## Work to be completed:
Repeat the data exactly. Pictures stay out.

## Raw data:

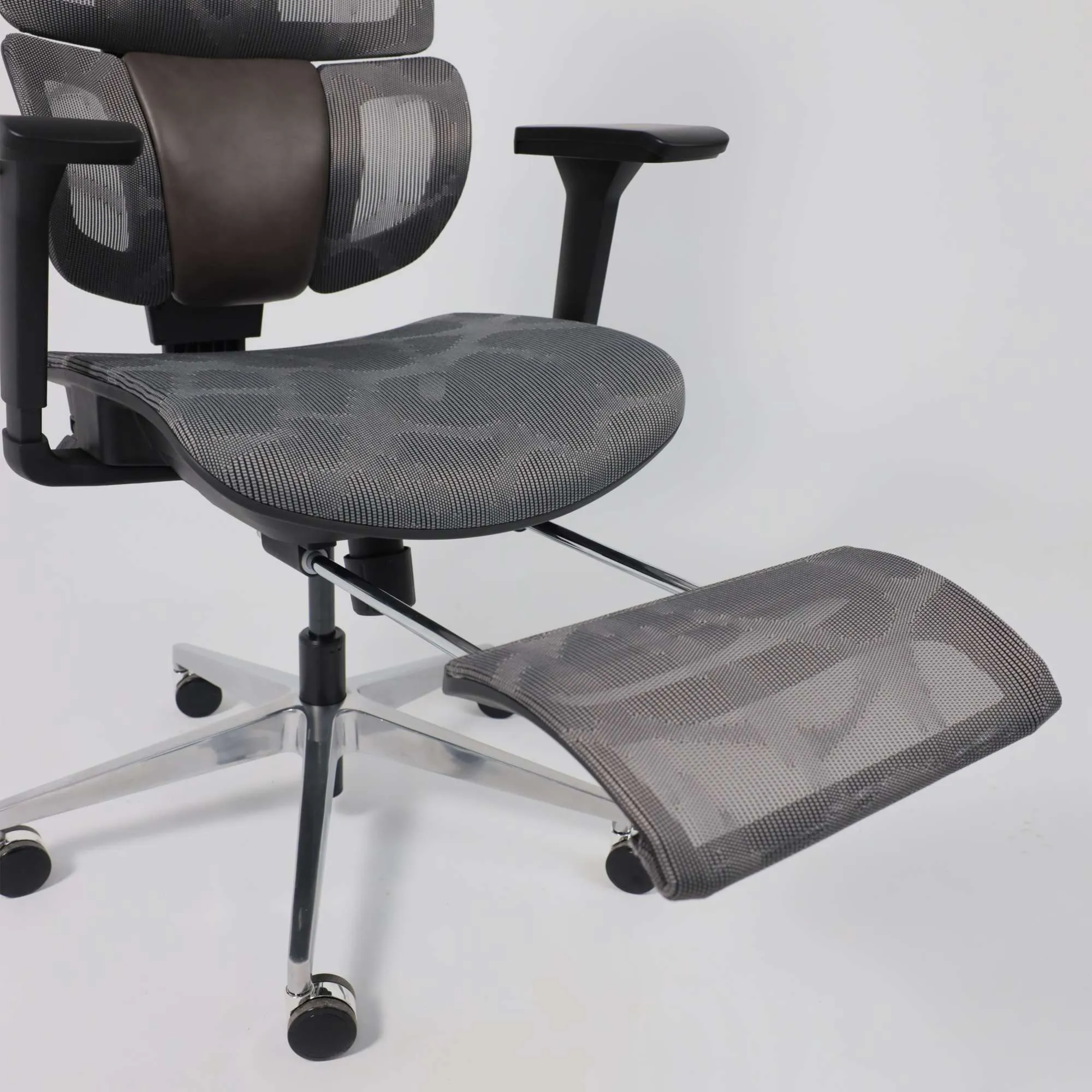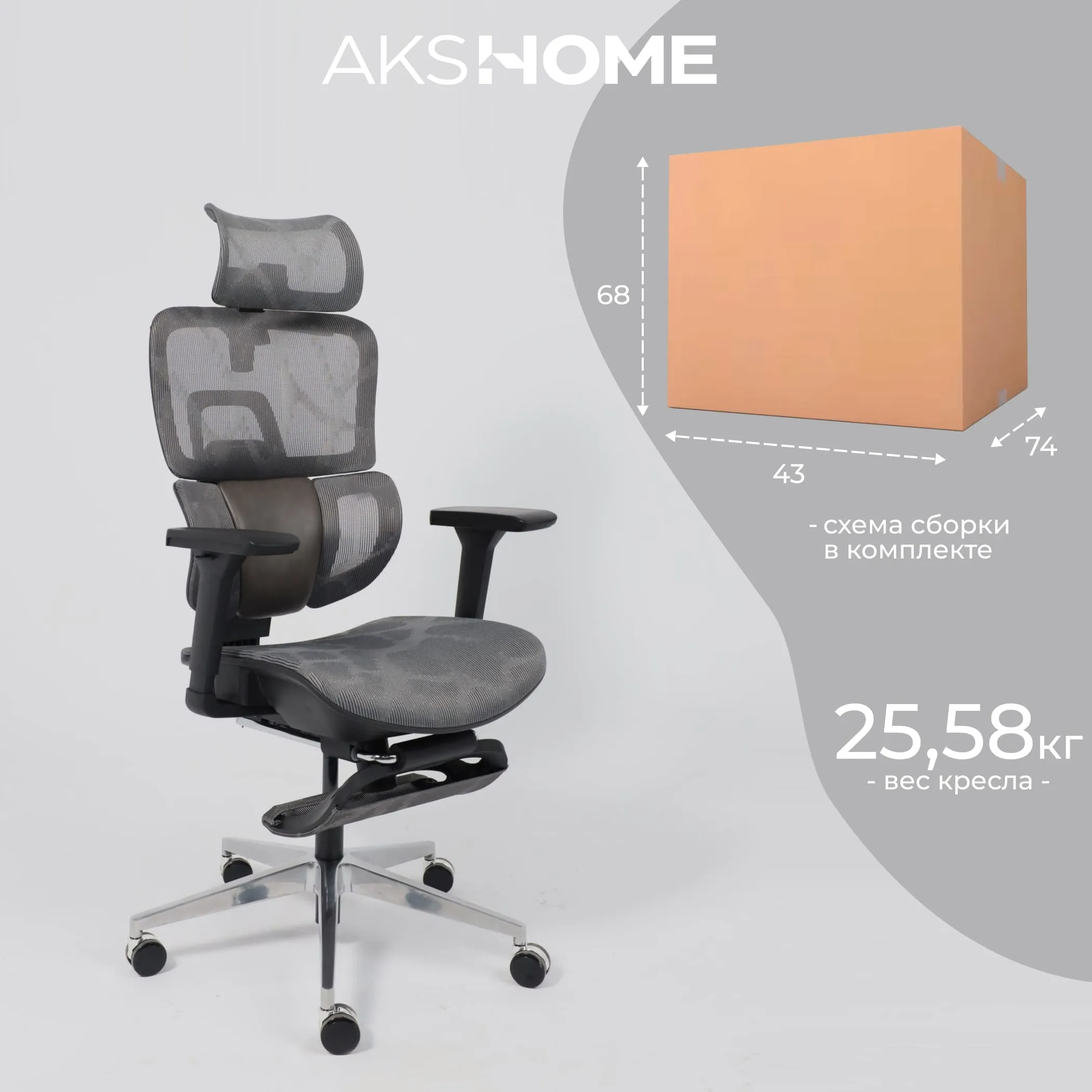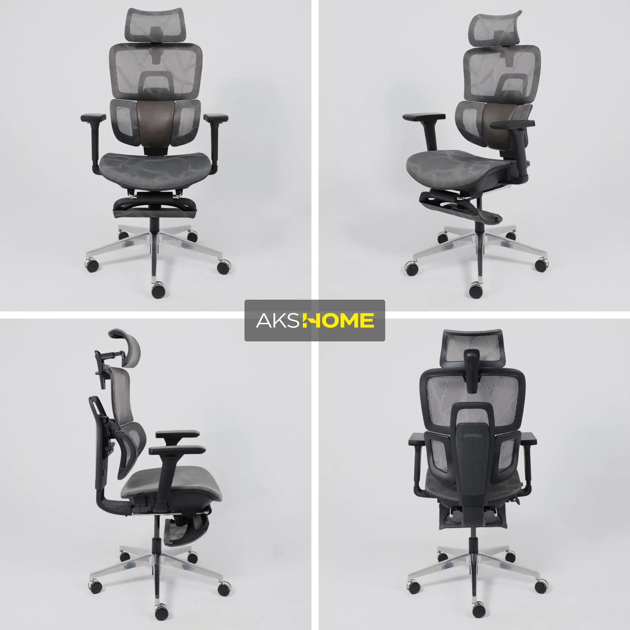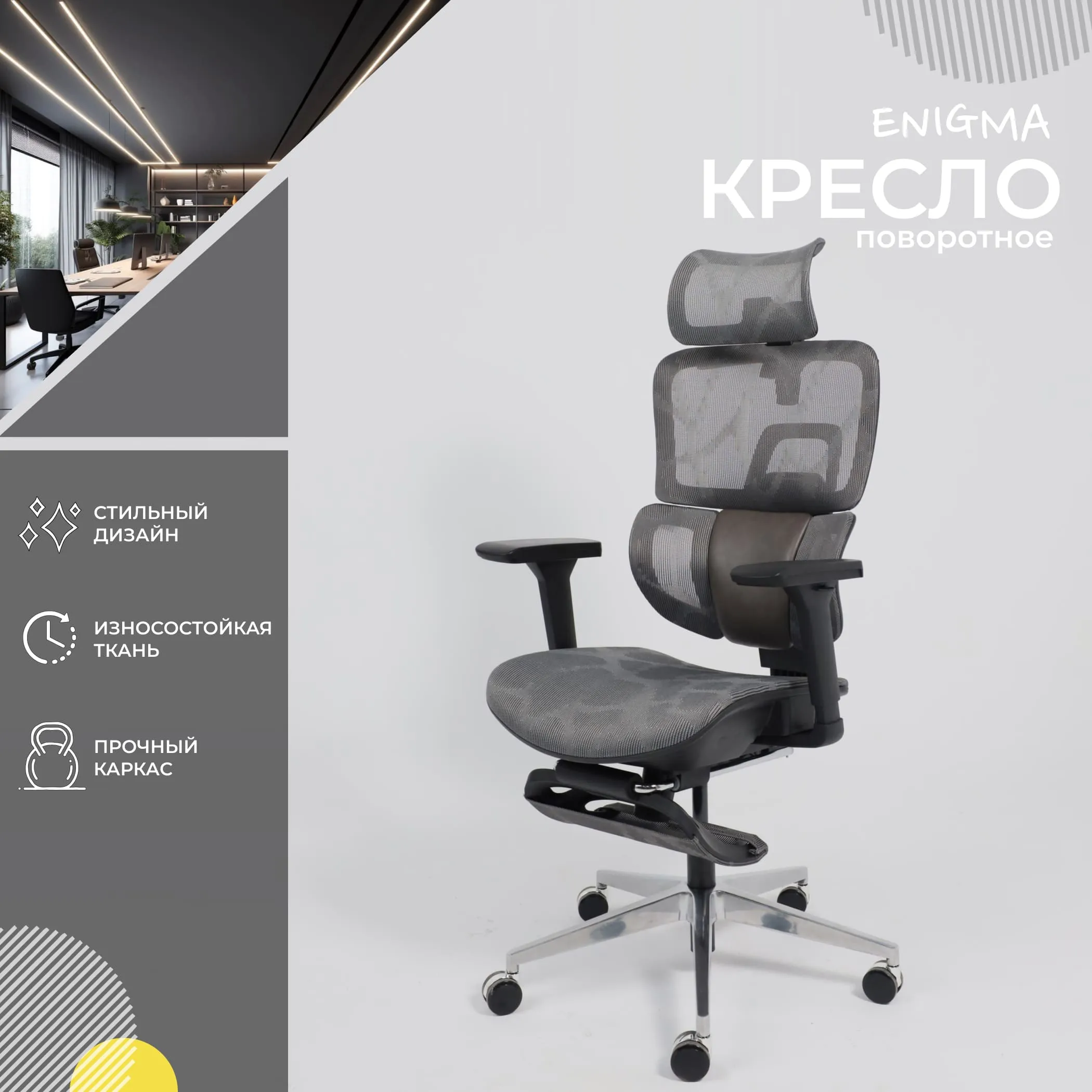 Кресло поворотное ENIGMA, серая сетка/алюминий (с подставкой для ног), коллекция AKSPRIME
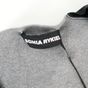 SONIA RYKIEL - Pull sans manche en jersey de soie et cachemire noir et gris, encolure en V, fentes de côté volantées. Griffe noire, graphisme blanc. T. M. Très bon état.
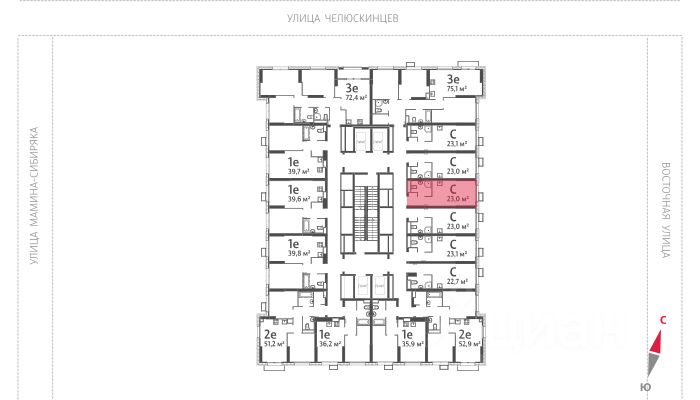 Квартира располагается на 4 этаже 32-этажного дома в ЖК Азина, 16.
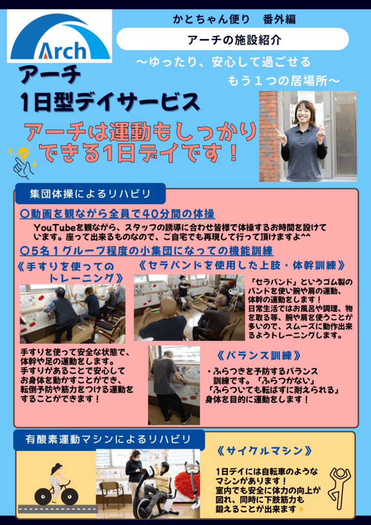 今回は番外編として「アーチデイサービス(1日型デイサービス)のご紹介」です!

## Reply to the exercise:
 Кресло поворотное ENIGMA, серая сетка/алюминий (с подставкой для ног), коллекция AKSPRIME
 SONIA RYKIEL - Pull sans manche en jersey de soie et cachemire noir et gris, encolure en V, fentes de côté volantées. Griffe noire, graphisme blanc. T. M. Très bon état.
 Квартира располагается на 4 этаже 32-этажного дома в ЖК Азина, 16.
 今回は番外編として「アーチデイサービス(1日型デイサービス)のご紹介」です!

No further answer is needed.